(Records excerpted from a collection)
━━━━━━━━━━━━━━━━

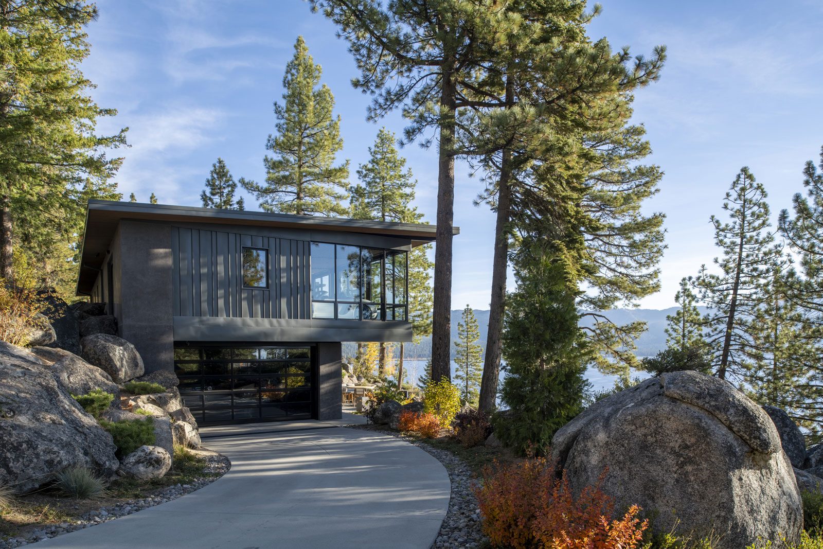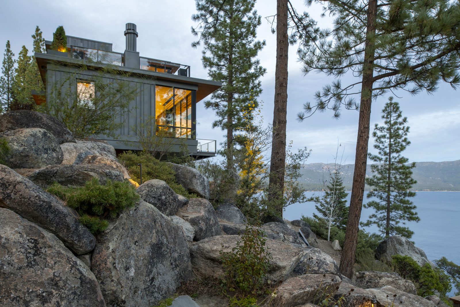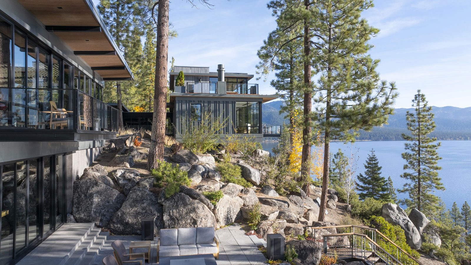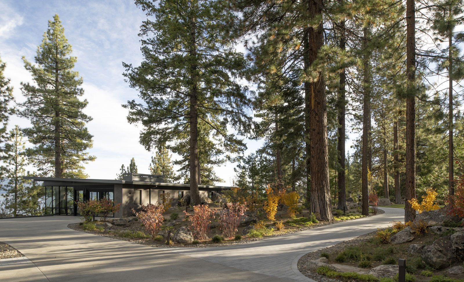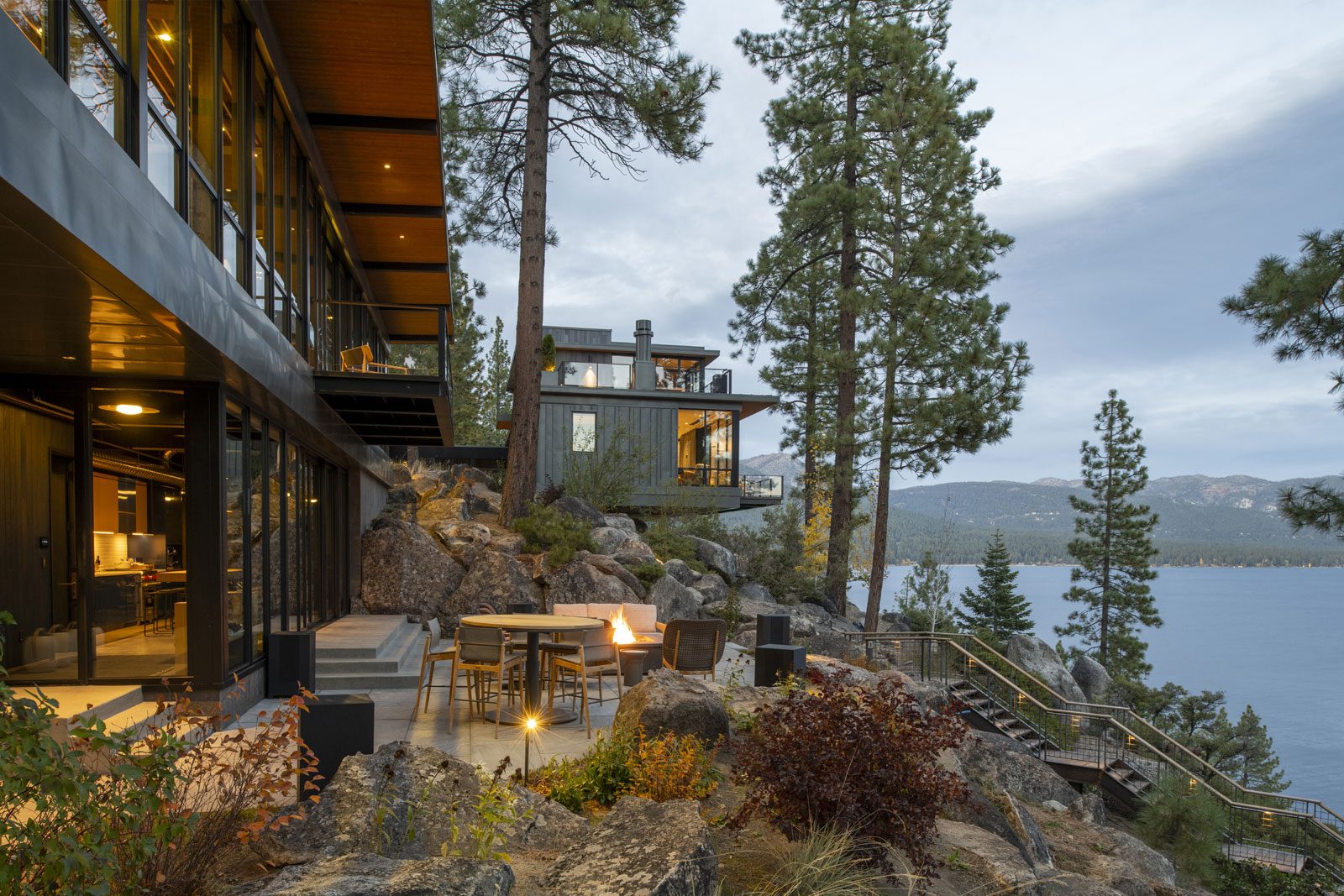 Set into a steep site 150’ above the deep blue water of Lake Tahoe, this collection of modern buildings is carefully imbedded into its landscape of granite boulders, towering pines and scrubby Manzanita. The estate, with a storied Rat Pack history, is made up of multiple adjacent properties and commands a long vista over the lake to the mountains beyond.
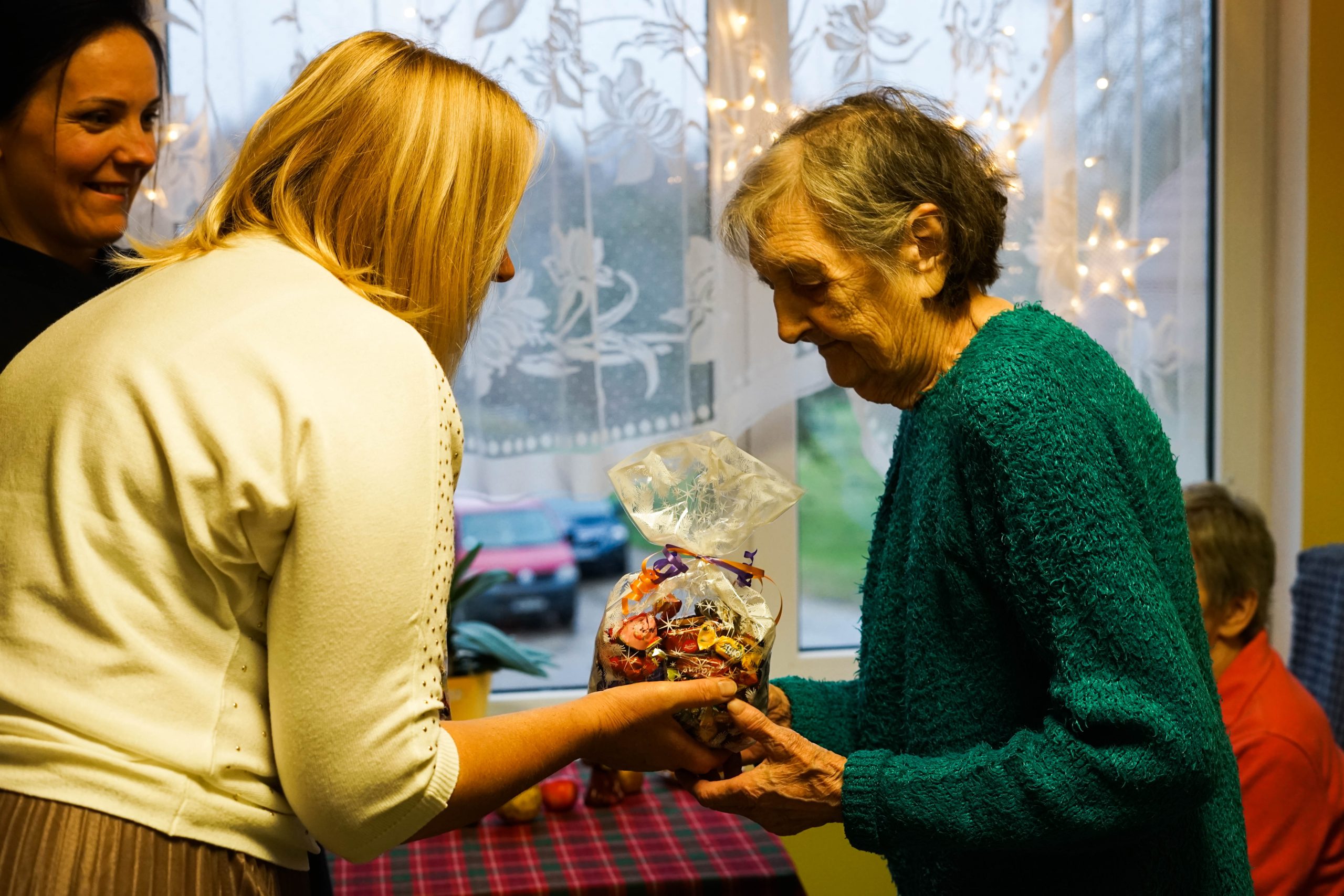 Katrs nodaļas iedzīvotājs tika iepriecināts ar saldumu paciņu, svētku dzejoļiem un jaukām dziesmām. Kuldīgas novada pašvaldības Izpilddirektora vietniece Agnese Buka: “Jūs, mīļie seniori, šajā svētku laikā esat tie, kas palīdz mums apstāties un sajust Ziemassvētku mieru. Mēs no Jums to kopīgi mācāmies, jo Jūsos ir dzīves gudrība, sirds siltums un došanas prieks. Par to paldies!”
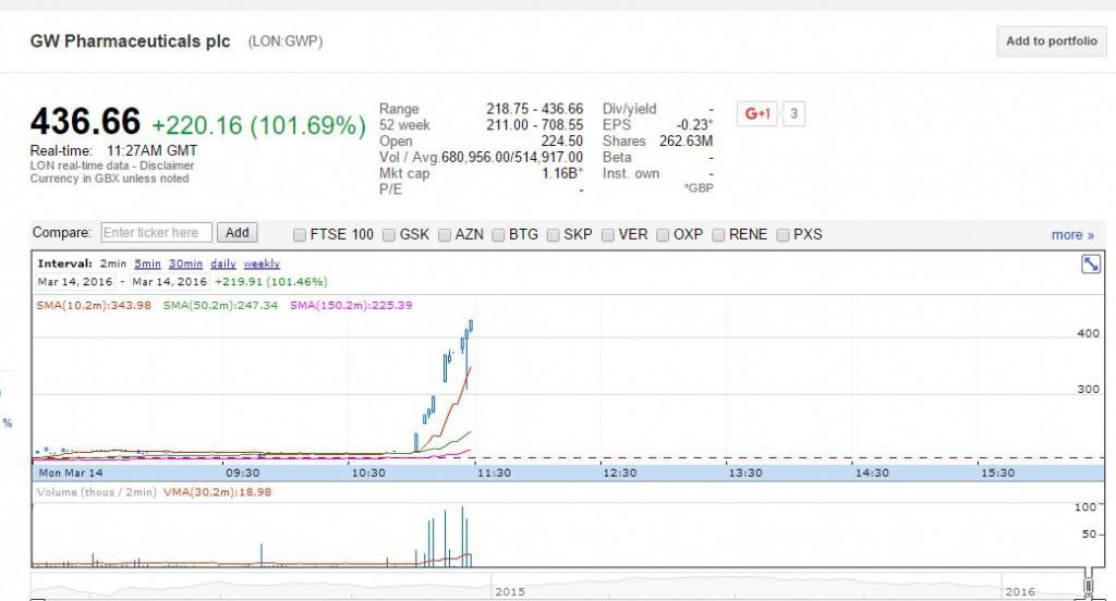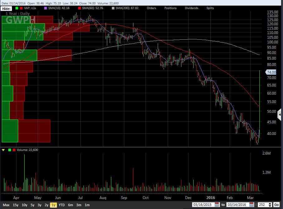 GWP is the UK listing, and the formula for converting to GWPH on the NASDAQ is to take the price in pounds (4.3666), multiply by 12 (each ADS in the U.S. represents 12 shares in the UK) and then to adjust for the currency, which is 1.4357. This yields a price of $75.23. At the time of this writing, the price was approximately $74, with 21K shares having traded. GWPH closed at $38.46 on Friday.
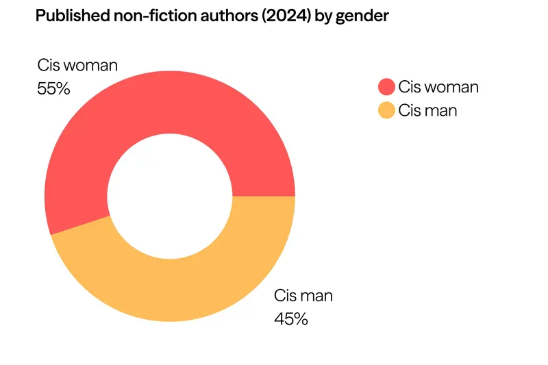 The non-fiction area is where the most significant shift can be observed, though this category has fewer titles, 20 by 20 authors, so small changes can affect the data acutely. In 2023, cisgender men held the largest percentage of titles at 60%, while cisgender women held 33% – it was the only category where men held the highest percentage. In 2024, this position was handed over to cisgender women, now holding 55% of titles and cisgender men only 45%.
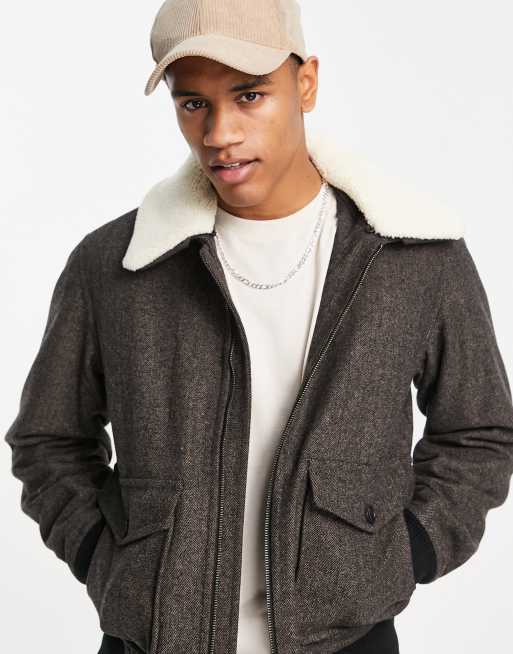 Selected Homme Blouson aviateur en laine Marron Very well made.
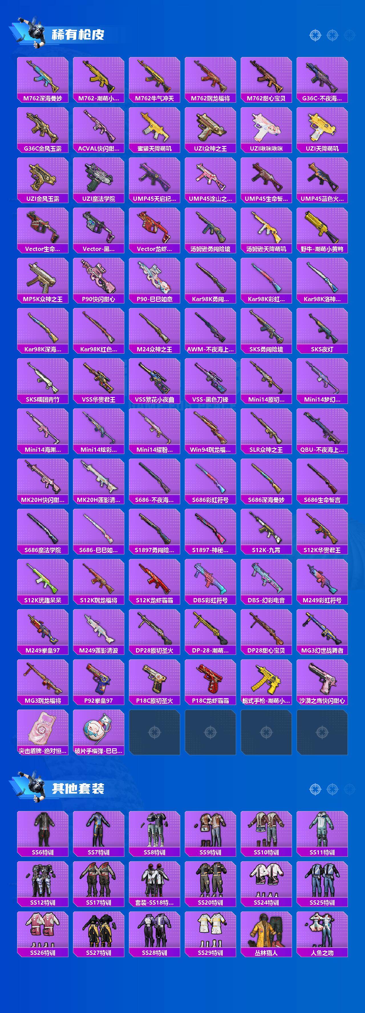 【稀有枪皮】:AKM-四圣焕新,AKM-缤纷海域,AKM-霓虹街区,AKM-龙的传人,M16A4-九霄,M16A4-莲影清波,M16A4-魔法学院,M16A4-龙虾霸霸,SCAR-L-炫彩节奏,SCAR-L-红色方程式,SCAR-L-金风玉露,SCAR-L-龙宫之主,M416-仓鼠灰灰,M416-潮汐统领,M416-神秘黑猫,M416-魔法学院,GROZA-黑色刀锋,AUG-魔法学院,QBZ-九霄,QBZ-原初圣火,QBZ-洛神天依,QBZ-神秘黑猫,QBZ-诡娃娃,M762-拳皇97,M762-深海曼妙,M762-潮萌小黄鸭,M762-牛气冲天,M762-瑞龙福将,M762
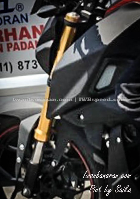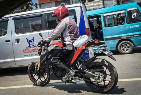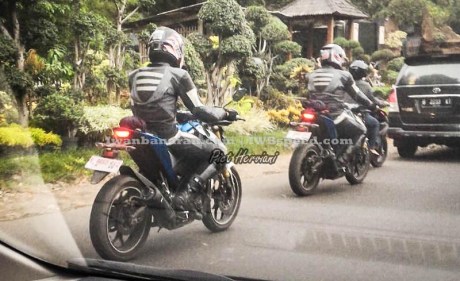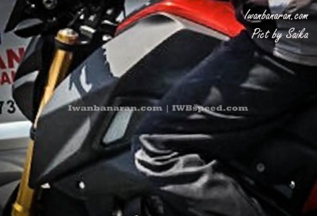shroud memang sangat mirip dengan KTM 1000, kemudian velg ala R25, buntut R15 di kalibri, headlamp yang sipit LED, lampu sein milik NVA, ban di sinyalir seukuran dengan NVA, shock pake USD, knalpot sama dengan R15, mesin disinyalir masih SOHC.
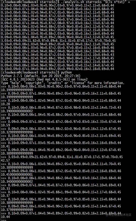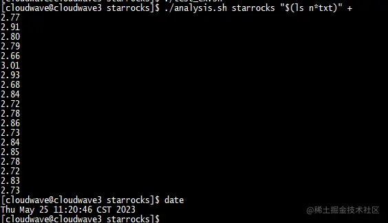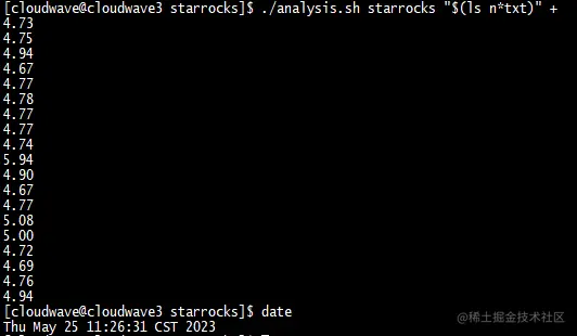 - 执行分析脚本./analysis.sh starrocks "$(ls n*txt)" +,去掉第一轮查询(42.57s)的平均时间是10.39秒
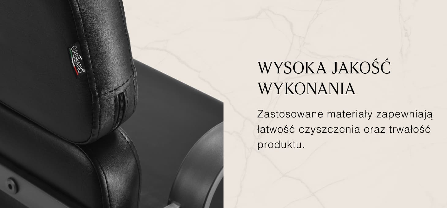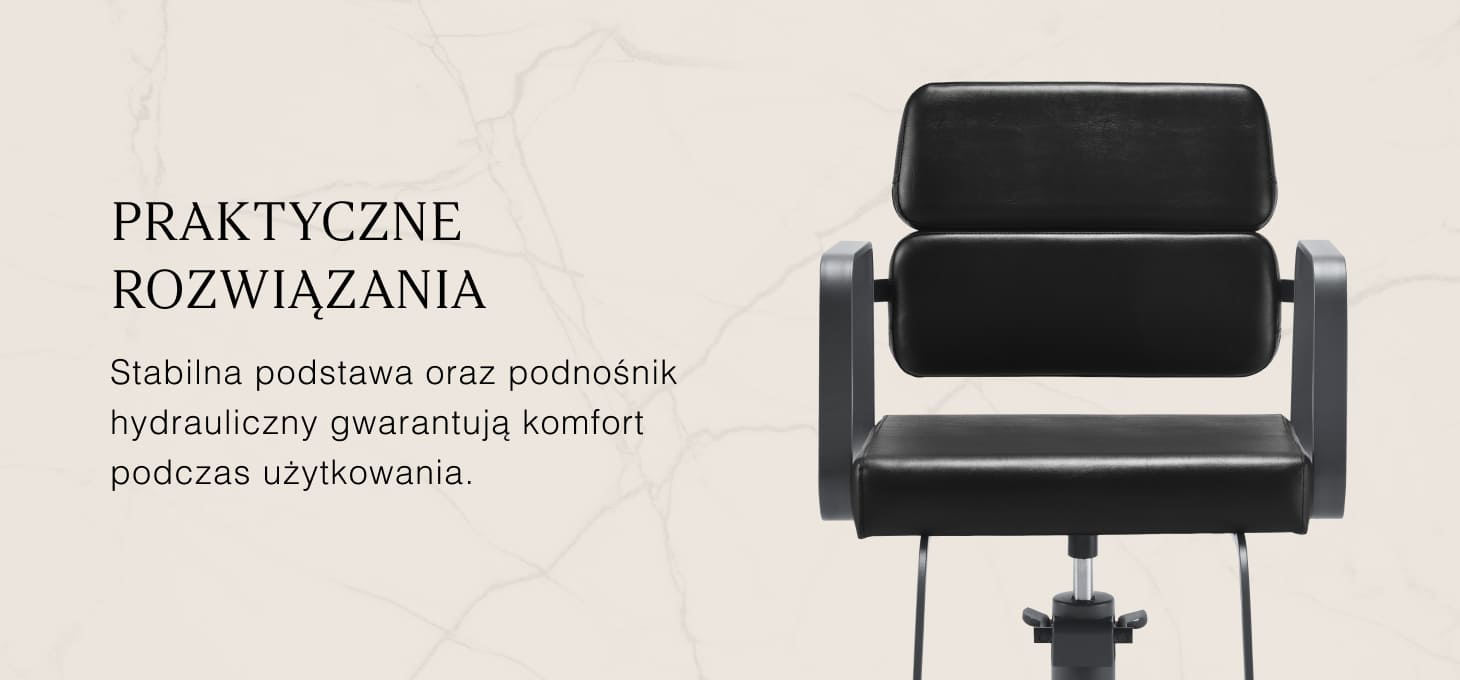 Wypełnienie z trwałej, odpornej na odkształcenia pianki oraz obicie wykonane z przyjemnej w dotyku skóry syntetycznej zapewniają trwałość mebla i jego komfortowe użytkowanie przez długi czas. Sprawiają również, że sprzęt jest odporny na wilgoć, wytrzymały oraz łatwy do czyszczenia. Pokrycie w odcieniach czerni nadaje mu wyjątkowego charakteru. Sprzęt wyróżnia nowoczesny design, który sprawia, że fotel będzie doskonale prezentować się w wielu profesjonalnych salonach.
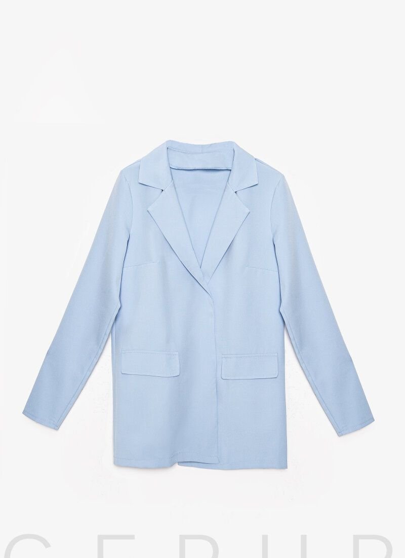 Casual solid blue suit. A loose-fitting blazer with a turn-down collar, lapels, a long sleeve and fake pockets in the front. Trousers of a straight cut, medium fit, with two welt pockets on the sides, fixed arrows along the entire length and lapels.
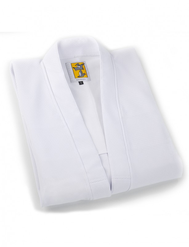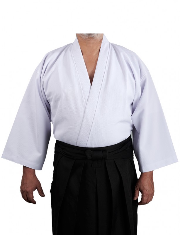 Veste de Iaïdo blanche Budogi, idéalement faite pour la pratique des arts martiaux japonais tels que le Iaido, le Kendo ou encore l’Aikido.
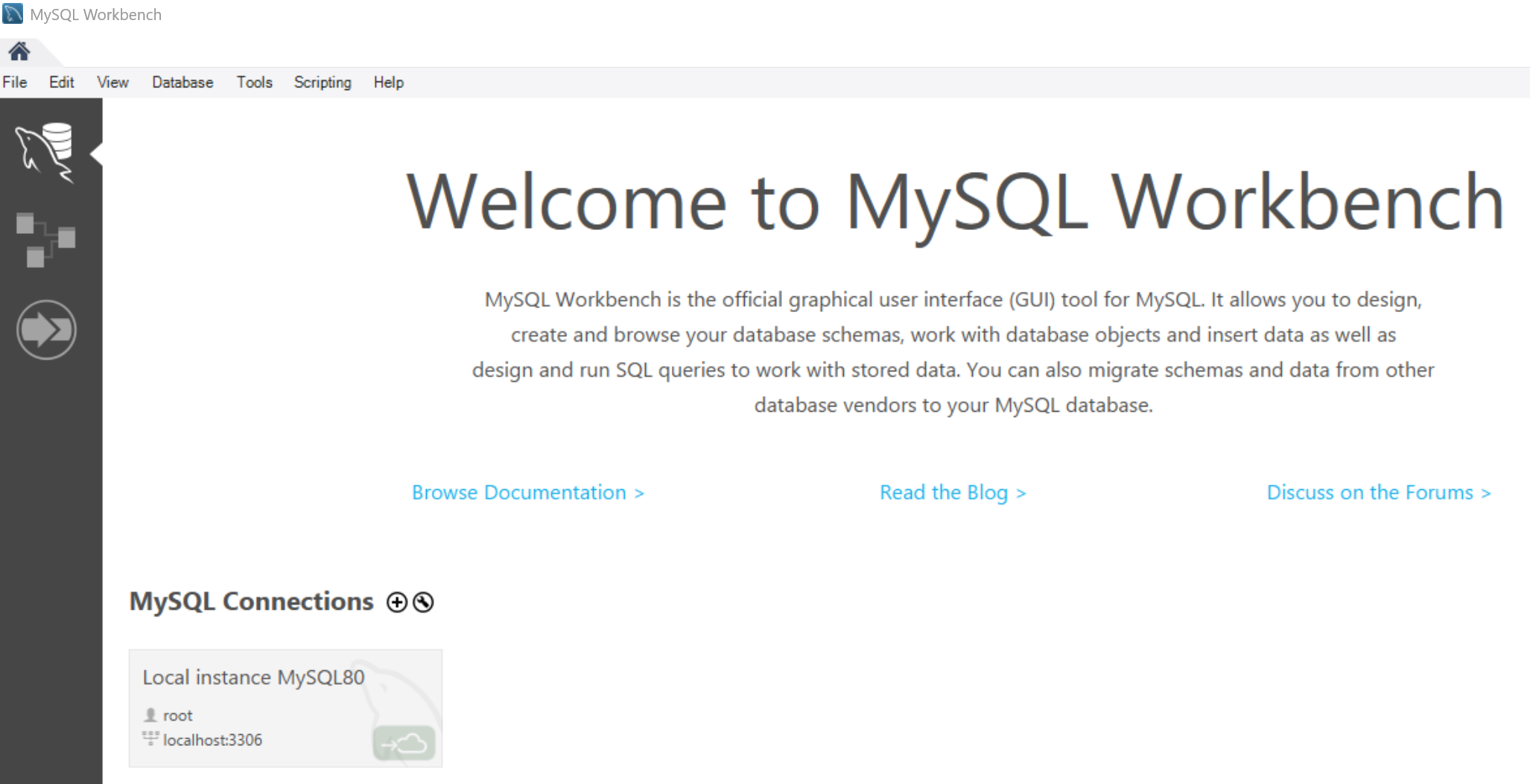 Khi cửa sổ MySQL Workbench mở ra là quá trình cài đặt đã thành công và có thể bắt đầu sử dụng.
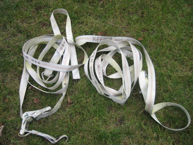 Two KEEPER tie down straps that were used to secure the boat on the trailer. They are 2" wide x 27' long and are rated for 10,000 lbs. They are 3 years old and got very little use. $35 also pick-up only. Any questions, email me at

━━━━━━━━━━━━━━━━

Your task: Print the records exactly, every one. Leave out the pictures.

Exercise answer:
 Set into a steep site 150’ above the deep blue water of Lake Tahoe, this collection of modern buildings is carefully imbedded into its landscape of granite boulders, towering pines and scrubby Manzanita. The estate, with a storied Rat Pack history, is made up of multiple adjacent properties and commands a long vista over the lake to the mountains beyond.
 Katrs nodaļas iedzīvotājs tika iepriecināts ar saldumu paciņu, svētku dzejoļiem un jaukām dziesmām. Kuldīgas novada pašvaldības Izpilddirektora vietniece Agnese Buka: “Jūs, mīļie seniori, šajā svētku laikā esat tie, kas palīdz mums apstāties un sajust Ziemassvētku mieru. Mēs no Jums to kopīgi mācāmies, jo Jūsos ir dzīves gudrība, sirds siltums un došanas prieks. Par to paldies!”
 GWP is the UK listing, and the formula for converting to GWPH on the NASDAQ is to take the price in pounds (4.3666), multiply by 12 (each ADS in the U.S. represents 12 shares in the UK) and then to adjust for the currency, which is 1.4357. This yields a price of $75.23. At the time of this writing, the price was approximately $74, with 21K shares having traded. GWPH closed at $38.46 on Friday.
 The non-fiction area is where the most significant shift can be observed, though this category has fewer titles, 20 by 20 authors, so small changes can affect the data acutely. In 2023, cisgender men held the largest percentage of titles at 60%, while cisgender women held 33% – it was the only category where men held the highest percentage. In 2024, this position was handed over to cisgender women, now holding 55% of titles and cisgender men only 45%.
 Selected Homme Blouson aviateur en laine Marron Very well made.
 【稀有枪皮】:AKM-四圣焕新,AKM-缤纷海域,AKM-霓虹街区,AKM-龙的传人,M16A4-九霄,M16A4-莲影清波,M16A4-魔法学院,M16A4-龙虾霸霸,SCAR-L-炫彩节奏,SCAR-L-红色方程式,SCAR-L-金风玉露,SCAR-L-龙宫之主,M416-仓鼠灰灰,M416-潮汐统领,M416-神秘黑猫,M416-魔法学院,GROZA-黑色刀锋,AUG-魔法学院,QBZ-九霄,QBZ-原初圣火,QBZ-洛神天依,QBZ-神秘黑猫,QBZ-诡娃娃,M762-拳皇97,M762-深海曼妙,M762-潮萌小黄鸭,M762-牛气冲天,M762-瑞龙福将,M762
shroud memang sangat mirip dengan KTM 1000, kemudian velg ala R25, buntut R15 di kalibri, headlamp yang sipit LED, lampu sein milik NVA, ban di sinyalir seukuran dengan NVA, shock pake USD, knalpot sama dengan R15, mesin disinyalir masih SOHC.
 - 执行分析脚本./analysis.sh starrocks "$(ls n*txt)" +,去掉第一轮查询(42.57s)的平均时间是10.39秒
 Wypełnienie z trwałej, odpornej na odkształcenia pianki oraz obicie wykonane z przyjemnej w dotyku skóry syntetycznej zapewniają trwałość mebla i jego komfortowe użytkowanie przez długi czas. Sprawiają również, że sprzęt jest odporny na wilgoć, wytrzymały oraz łatwy do czyszczenia. Pokrycie w odcieniach czerni nadaje mu wyjątkowego charakteru. Sprzęt wyróżnia nowoczesny design, który sprawia, że fotel będzie doskonale prezentować się w wielu profesjonalnych salonach.
 Casual solid blue suit. A loose-fitting blazer with a turn-down collar, lapels, a long sleeve and fake pockets in the front. Trousers of a straight cut, medium fit, with two welt pockets on the sides, fixed arrows along the entire length and lapels.
 Veste de Iaïdo blanche Budogi, idéalement faite pour la pratique des arts martiaux japonais tels que le Iaido, le Kendo ou encore l’Aikido.
 Khi cửa sổ MySQL Workbench mở ra là quá trình cài đặt đã thành công và có thể bắt đầu sử dụng.
 Two KEEPER tie down straps that were used to secure the boat on the trailer. They are 2" wide x 27' long and are rated for 10,000 lbs. They are 3 years old and got very little use. $35 also pick-up only. Any questions, email me at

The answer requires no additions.